(DEPRECATED) Apache Flink User Mailing List archive.

Insufficient number of network buffers for simple last_value aggregate

Classic

List

Threaded

3 messages Options

Schneider, Thilo

Insufficient number of network buffers for simple last_value aggregate

Dear list,

when trying to compute a simple last_value aggregate, flink fails with an IOException. The query is defined as follows:

from pyflink.table import EnvironmentSettings, StreamTableEnvironment
env_settings = EnvironmentSettings.new_instance().in_streaming_mode().use_blink_planner().build()
t_env = StreamTableEnvironment.create(environment_settings=env_settings)

t_env.execute_sql("""
CREATE TABLE key_change_test (
  id INT,  val1 STRING,  val2 STRING,  t AS proctime()
) WITH (
  'connector' = 'kafka',
  'format' = 'csv',
  'topic' = 'flink_test',
  'properties.bootstrap.servers' = 'localhost:9192',
  'properties.group.id' = 'foo'
)
""")

tt = t_env.sql_query("SELECT id, LAST_VALUE(val1) AS val1, LAST_VALUE(val2) AS val2 FROM key_change_test GROUP BY id") 

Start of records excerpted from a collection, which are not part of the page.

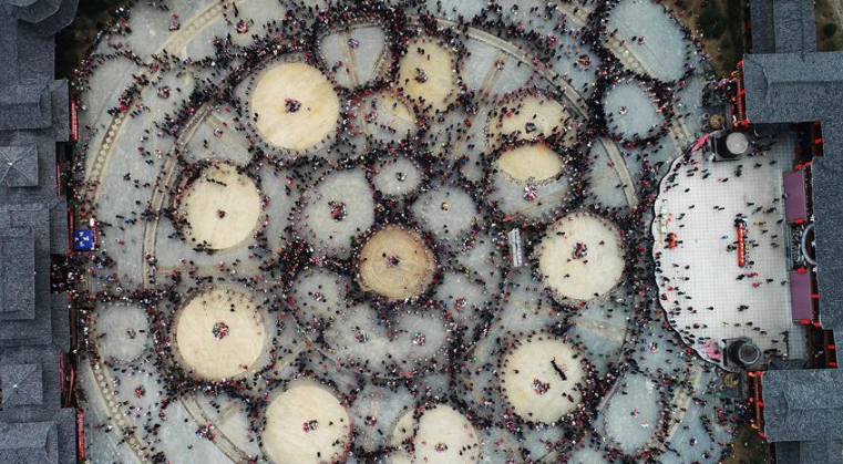 當(dāng)日,在貴州省黔東南苗族侗族自治州凱里市舟溪鎮(zhèn),來自各地的苗族群眾身著節(jié)日盛裝,歡聚在古老的“甘囊香”蘆笙堂。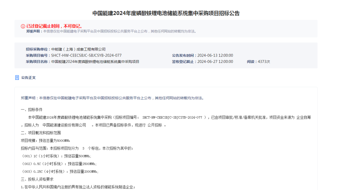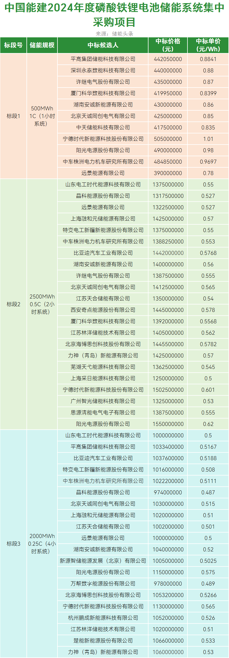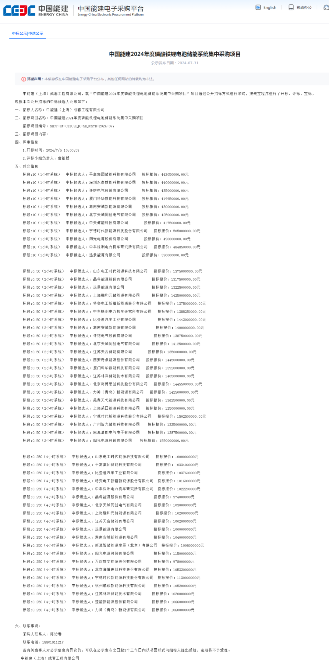 获悉,7月31日,中国能建2024年度磷酸铁锂电池储能系统集中采购项目公开招标的中标候选人公布。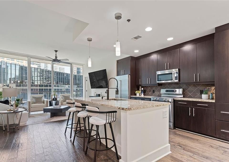 Exceptional Value at 1010 Midtown! Prime Location & Modern Finishes. Now available in one of Midtown’s most desirable high-rises, this well appointed 2-bedroom, 2-bathroom residence offers a spacious 1,213 sq ft of open-concept living. Located at 1010 Midtown, this unit features a split bedroom layout with a central living/dining area, ideal for both everyday living and entertaining. The well-designed floor plan includes a private primary suite with an en-suite bath and walk in closet, along with a secondary bedroom and full guest bath. This is currently the most competitively priced 2/2 unit in the building!  The unit features 10-foot ceilings, hardwood floors, and expansive floor-to-ceiling windows that provide excellent natural light and impressive views of the Midtown skyline. The open living and dining area flows into a sleek kitchen with stainless steel appliances, granite countertops, and ample cabinet space. Step out onto your private balcony for a front-row seat to the energy of Peachtree Street—a perfect spot to relax or entertain.  Walkable, Connected Midtown Living and Located on the Midtown Mile, this condo puts the best of Atlanta at your doorstep.   Walk to Whole Foods, Cafe Intermezzo, Publix, Piedmont Park, High Museum, Atlanta Botanical Garden, and the Fox Theatre, and a plethora of other entertainment and dining options. MARTA Station for easy access across the city. With direct access to I-75/85, commuting and travel is fast and efficient.   1010 Midtown offers an extensive lineup of resident amenities, including Rooftop Sky Park and heated saltwater pool with cabanas, Modern fitness center, media room, and resident lounge, Outdoor grilling area and landscaped gathering spaces, 24-hour concierge, controlled building access, and secure front desk service. The building also features on-site dining and retail, including Panera Bread, Sugar Factory, Crescent City Kitchen, Wicked Wolf, Ri Ra Irish Pub, and more—just an elevator ride away. Additional Features: Two assigned parking spaces (#630 and #631 on the 7th floor), Pool and Skydeck located steps from the unit on the 8th floor, Gym and community lounge located on the 4th floor. Garage access via Crescent Avenue; short-term parking available across from Bulla and Sam’s of San Francisco. Speak to concierge before exiting garage to avoid temporary parking fees. Well-managed HOA with over $1.8 million in reserves

t_env.execute_sql("CREATE TABLE debug (id INT, val1 VARCHAR, val2 VARCHAR) WITH ('connector' = 'print')")
tt.execute_insert("debug")

Looking at the logs I get the following error message:

[…]

2020-10-30 07:45:46,474 WARN org.apache.flink.runtime.taskmanager.Task [] - Source: TableSourceScan(table=[[default_catalog, default_database, key_change_test]], fields=[id, val1, val2]) (21/88) (02f23a929919c200dbd54b7dcef635e2) switched from DEPLOYING to FAILED.

java.io.IOException: Insufficient number of network buffers: required 89, but only 67 available. The total number of network buffers is currently set to 2048 of 32768 bytes each. You can increase this number by setting the configuration keys 'taskmanager.memory.network.fraction', 'taskmanager.memory.network.min', and 'taskmanager.memory.network.max'.

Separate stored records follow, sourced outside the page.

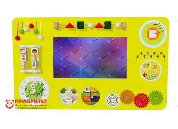 - Внутри бизиборда имеется сенсорный экран, который включается при малейшем прикосновении пальца.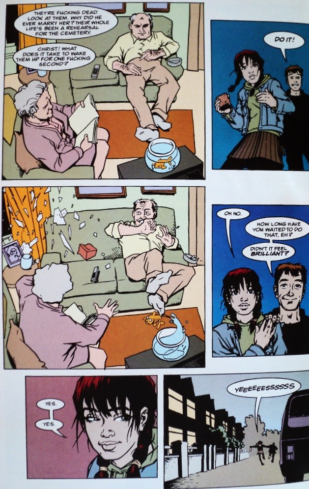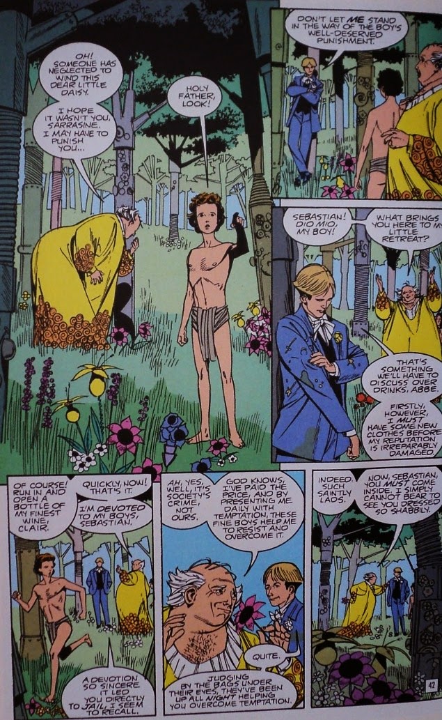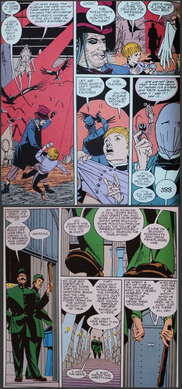 Let’s remember also that Apollonian art follows certain parameters: simple lines, sobriety, clear architecture; all fundamental traits of a man of distinction. These elements have also inspired an artist like Steve Yeowell to look for simplicity, cleanliness and tidiness in his pages (Steve Yeowell had worked before with the author in their seminal series on 2000AD’s Zenith, a very different story about a super-powered teenager in the “real” world). Finally, art’s goal would be to transform existence into beauty; Sebastian O, a dashing young man, takes the concept of the dandy to its logical outcome: elegance is not a virtue but a duty; to have a refined taste is not optional but mandatory.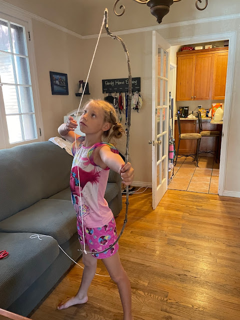 While not as silly as swigging bubble solution, Annika's homemade bow cracks me up too. I'm pretty sure she was inspired by Avatar.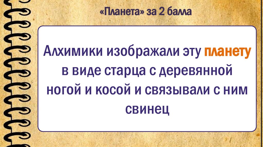 «Планета» за 2 баллаАлхимики изображали эту планету

at org.apache.flink.runtime.io.network.buffer.NetworkBufferPool.internalCreateBufferPool(NetworkBufferPool.java:357) ~[flink-dist_2.11-1.11.2.jar:1.11.2]

at org.apache.flink.runtime.io.network.buffer.NetworkBufferPool.createBufferPool(NetworkBufferPool.java:332) ~[flink-dist_2.11-1.11.2.jar:1.11.2]

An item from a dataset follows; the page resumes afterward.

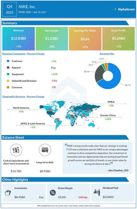 Alright, let’s switch gears and talk about product category performance . Nike offers a wide range of products, including footwear, apparel, and equipment. The performance of each category can provide valuable insights into consumer preferences and market trends. Are people buying more shoes than apparel, or vice versa? Which specific product lines are driving growth? For example, if running shoes are selling like crazy, that could indicate a growing interest in fitness and outdoor activities. On the other hand, if basketball gear is lagging, it might suggest a shift in sports participation or fashion trends. Also, it’s important to consider how Nike’s innovation and product development efforts are paying off. Are new product launches generating excitement and driving sales? Are Nike’s technologies, like Air Max or Flyknit, still resonating with consumers? The performance of each product category can also vary by region. What’s popular in North America might not be as popular in Asia or Europe. Understanding these differences can help Nike tailor its product offerings to meet local demands. So, when we’re analyzing Nike’s earnings, it’s crucial to break down the performance of each product category to get a comprehensive view of what’s working and what’s not.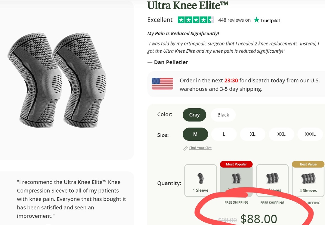 Amrelieve运动多功能护膝亚马逊订单88美刀一对

at org.apache.flink.runtime.io.network.partition.ResultPartitionFactory.lambda$createBufferPoolFactory$0(ResultPartitionFactory.java:224) ~[flink-dist_2.11-1.11.2.jar:1.11.2]

at org.apache.flink.runtime.io.network.partition.ResultPartition.setup(ResultPartition.java:146) ~[flink-dist_2.11-1.11.2.jar:1.11.2]

at org.apache.flink.runtime.taskmanager.Task.setupPartitionsAndGates(Task.java:869) [flink-dist_2.11-1.11.2.jar:1.11.2]

at org.apache.flink.runtime.taskmanager.Task.doRun(Task.java:635) [flink-dist_2.11-1.11.2.jar:1.11.2]

at org.apache.flink.runtime.taskmanager.Task.run(Task.java:546) [flink-dist_2.11-1.11.2.jar:1.11.2]

at java.lang.Thread.run(Thread.java:748) [?:1.8.0_141]

[…]

What is happening there? For me it seems that flink is requesting an awful lot of resources for a simple query (the kafka topic has only one partition and is used for manual injection only, so no big traffic there).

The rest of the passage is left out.